We love single-purpose websites, and TakeMyMoneyHbo.com is no exception: The site exists simply to beg HBO to flee the cable and satellite companies and offer a standalone Internet subscription for its shows, with visitors encouraged to enter in the precise amount of money they would pay each month to subscribe.
HBO currently offers an Internet service, HBO GO, that features streams of all of its shows, both current and cancelled. In order to access it, however, you need an existing HBO subscription through your cable provider. That's great news for those who already have HBO, but not for those trying to cut the cord.
"We pirate Game of Thrones, we use our friend's HBOGO login to watch True Blood...," the site's intro reads. "Please HBO, offer a standalone HBOGO streaming service and Take My Money!"
What follows that introduction is a submission form where you specify how much you'd pay, along with a handy button that launches Twitter so that you can tweet out that price to the attention of the HBO Twitter account.
The site has already received almost 65,000 visits in its first 12 hours, according to tweets from TakeMyMoneyHBO.com creator Jake Caputo. Developer Dominic Balasuriya wanted to know just how much visitors to the website were willing to pay for a standalone HBO GO subscription: After writing a quick script, he found that the average price was $12.30 per month.
Does that sound about right? With a recent study showing "Game of Thrones" to be the most pirated show in the world, wouldn't HBO be crazy not to at least consider all this free money that the Internet is ready to hurl upon it?
Well, not really. Here comes the bad news.
HBO is already very, very comfortable with the deal it has with the cable and satellite companies. In May Dustin Curtis flagged an interview with HBO President Eric Kessler, in which Kessler described why, in Curtis' words, "moving to internet distribution would deal a fatal blow to HBO's business."
Yes -- a fatal blow. As in, no more "Game of Thrones" fatal. Because of the subsidies and fees and the incredible amount of customer service and sales and advertising support that HBO receives from the cable companies, moving to a model where HBO skirts those companies -- and the 30 million subscribers they provide -- would be suicidal. Here's the (sad for cord-cutters!) money quote, as transcribed by Curtis:
What you don't want to do is to pursue a distribution channel over here [ed: the internet], where you think, well, let's go around the affiliate and we'll get a couple hundred thousand subs. But the promotional, and packaging support we get over here [ed: the affiliate networks], which, by the way, is the foundation of our 30 million subs and enables us to get 10 million transactions, if that dissipates, and that shrinks, then we will lose a lot of subs over here. Because with 10 million transactions, you have to generate a lot of subs every single day. You can't afford to have that machinery slow down. So we'll gain a little over here, and we'll lose a lot over here, and we think there will not be a net gain, there would be a net loss. So it's really about economics and a business issue.

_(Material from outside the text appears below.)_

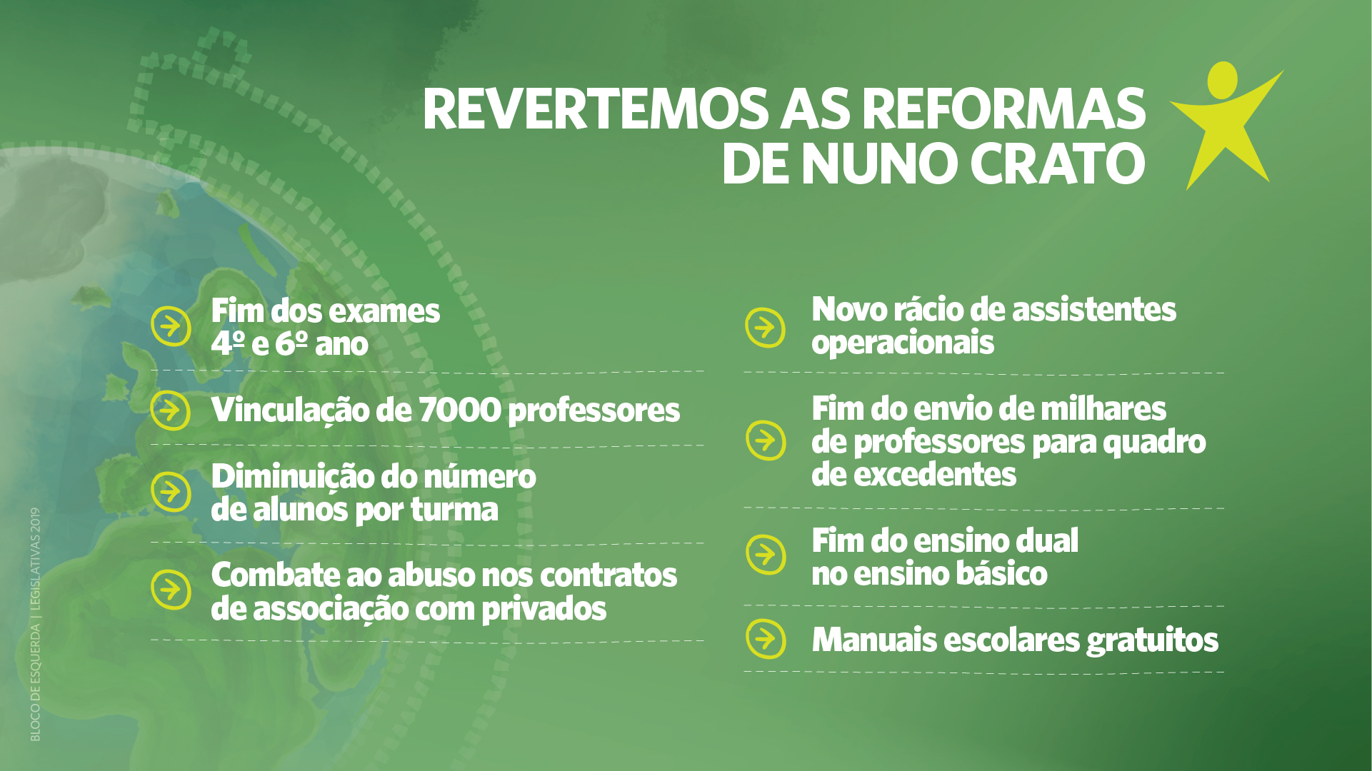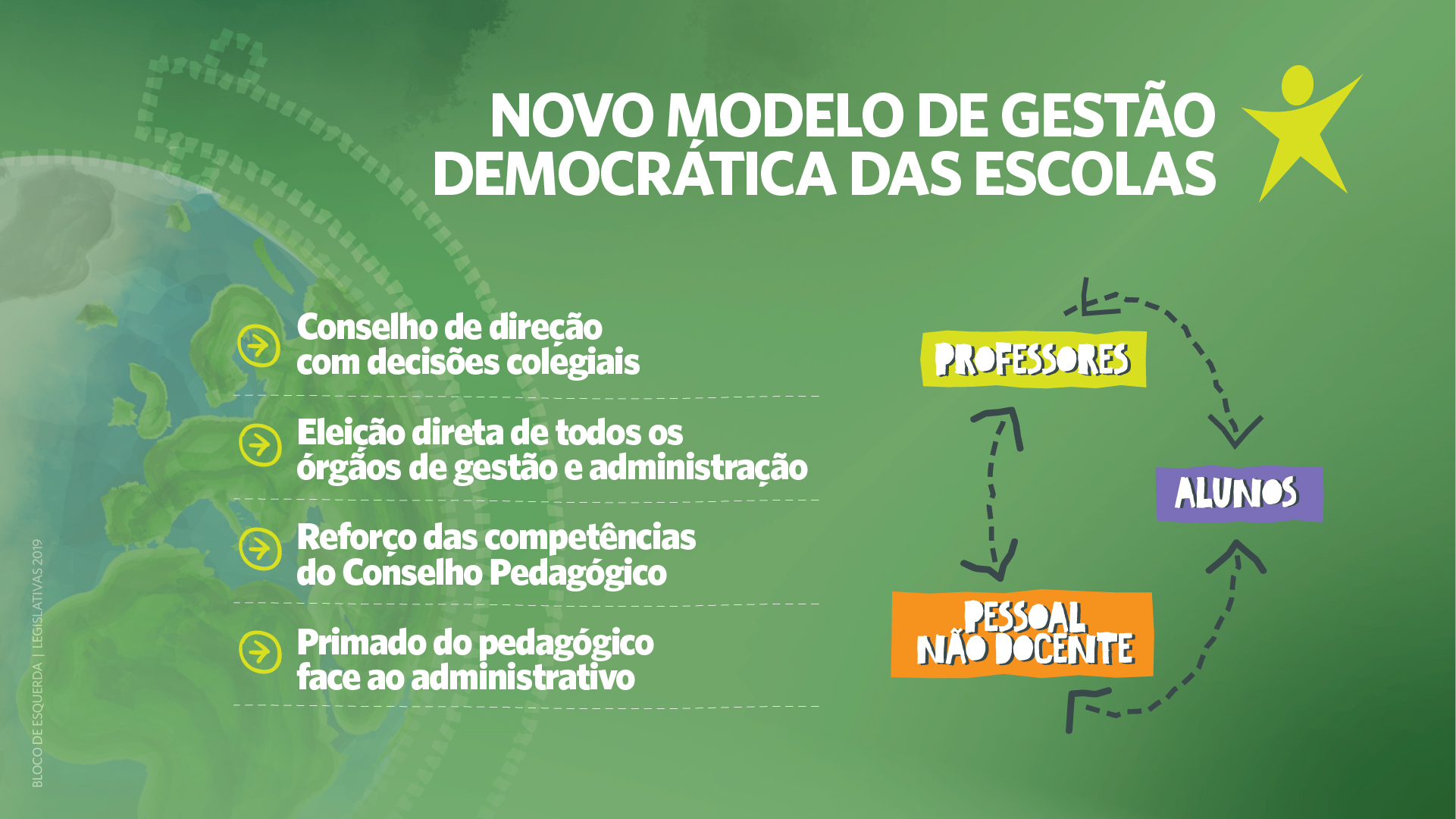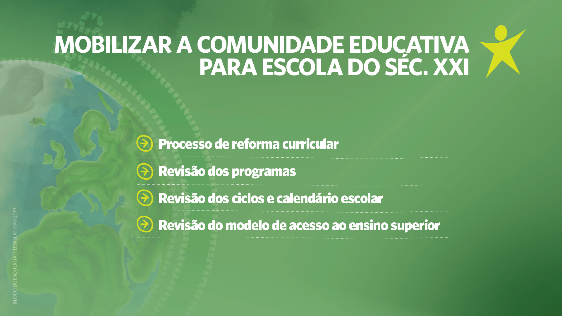 O Bloco pretende construir uma escola inclusiva, moderna e democrática que seja o contraponto à forma como a ideologia neoliberal “contaminou a Educação com a linguagem e o pensamento da gestão”, “acarretou a secundarização das Ciências Sociais” e o “retrocesso a uma educação tecnocrática, positivista e meritocrática, fortemente reprodutora das desigualdades sociais”.

Ryan Lawler at AOL Tech sister site Techcrunch draws a similar conclusion, that it's just not good business for HBO to abandon the cable behemoths. Writes Tate:
So, how much money would you pay for a standalone HBO subscription? Unless it's in the tens of millions of dollars, it might not be enough. HBO GO might not be coming to non-HBO subscribers any time soon, but at least we'll always have The Wire: The Musical.
What would happen if HBO no longer had the pay TV industry's marketing team propping it up all the time? The results would be disastrous, and there's no way that HBO could make up in online volume the number of subscribers it would lose from cable. Which is why, even though some users would actually pay more for access to HBO Go without all the other cable channels, you won't see it show up as a standalone service anytime soon.